Texas and 17 other States brought this lawsuit against the United States and federal officials. They were later joined by two individuals (Neill Hurley and John Nantz). The plaintiffs claim that without the penalty the Act's minimum essential coverage requirement is unconstitutional. Specifically, they say neither the Commerce Clause nor the Tax Clause (nor any other enumerated power) grants Congress the power to enact it. See U. S. Const., Art. I, §8. They also argue that the minimum essential coverage requirement is not severable from the rest of the Act. Hence, they believe the Act as a whole is invalid. We do not reach these questions of the Act's validity, however, for Texas and the other plaintiffs in this suit lack the standing necessary to raise them.
Here is how Justice Breyer summarizes the holding in his conclusion:
we conclude that the plaintiffs in this suit failed to show a concrete, particularized injury fairly traceable to the defendants' conduct in enforcing the specific statutory provision they attack as unconstitutional. They have failed to show that they have standing to attack as unconstitutional the Act's minimum essential coverage provision. Therefore, we reverse the Fifth Circuit's judgment in respect to standing, vacate the judgment, and remand the case with instructions to dismiss.

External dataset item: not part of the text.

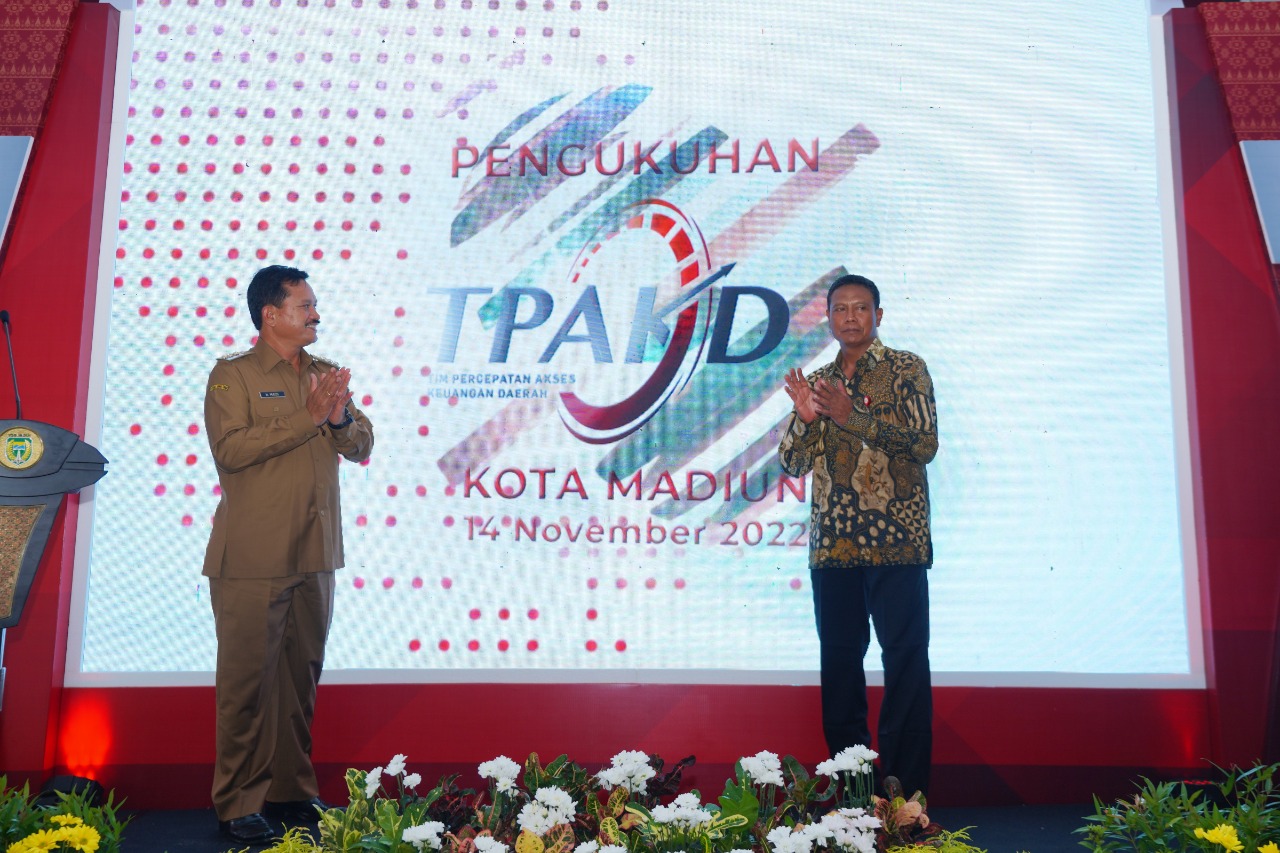 MADIUN – Kota Madiun kini punya Tim Percepatan Akses Keuangan Daerah (TPAKD). Tim yang terdiri dari sejumlah kepala Organisasi Perangkat Daerah (OPD), perbankan, dan nonperbankan itu dikukuhkan Wali Kota Madiun, Maidi di Rumah Dinas (Rumdin) Madiun, Senin (14/11). Setidaknya tim beranggotakan 34 orang yang diketuai Asisten 1 Pemkot Madiun, Agung Sulistya Wardani.

Justice Thomas wrote a concurrence sharing the frustration many of us have had with the Court's prior ACA opinions. His opinion begins:
There is much to commend JUSTICE ALITO's account of "our epic Affordable Care Act trilogy." Post, at 1 (dissenting opinion). This Court has gone to great lengths to rescue the Act from its own text. Post, at 1–2. So have the Act's defenders, who argued in first instance that the individual coverage mandate is the Act's linchpin, yet now, in an about-face, contend that it is just a throwaway sentence.
But, whatever the Act's dubious history in this Court, we must assess the current suit on its own terms. And, here, there is a fundamental problem with the arguments advanced by the plaintiffs in attacking the Act—they have not identified any unlawful action that has injured them. Ante, at 5, 11, 14–16. Today's result is thus not the consequence of the Court once again rescuing the Act, but rather of us adjudicating the particular claims the plaintiffs chose to bring.
He repeats this theme in his opinion's conclusion:
The plaintiffs failed to demonstrate that the harm they suffered is traceable to unlawful conduct. Although this Court has erred twice before in cases involving the Affordable Care Act, it does not err today.
Justice Alito's dissent, joined by Justice Gorsuch, concludes the plaintiffs have standing, the mandate is unconstitutional, and those provisions of the ACA that burden states are unenforceable. His opinion begins:
Today's decision is the third installment in our epic Affordable Care Act trilogy, and it follows the same pattern as installments one and two. In all three episodes, with the Affordable Care Act facing a serious threat, the Court has pulled off an improbable rescue. , , ,
In this suit, as I will explain, Texas and the other state plaintiffs have standing, and now that the "tax" imposed by the individual mandate is set at $0, the mandate cannot be sustained under the taxing power. As a result, it is clearly unconstitutional, and to the extent that the provisions of the ACA that burden the States are inextricably linked to the individual mandate, they too are unenforceable.
Justice Alito correctly notes that the Court has been unduly solicitous of state standing claims in recent cases. He is wrong to urge the Court to compound the error by finding standing here, however. Insofar as the majority opinion puts the brakes on overly aggressive state standing claims, that is all to the good.
Justice Alito's dissent concludes:
No one can fail to be impressed by the lengths to which this Court has been willing to go to defend the ACA against all threats. A penalty is a tax. The United States is a State. And 18 States who bear costly burdens under the ACA cannot even get a foot in the door to raise a constitutional challenge. So a tax that does not tax is allowed to stand and support one of the biggest Government programs in our Nation's history. Fans of judicial inventiveness will applaud once again.
But I must respectfully dissent.
I will have more to say on the Court's ruling in subsequent posts, as I suspect my co-bloggers will too.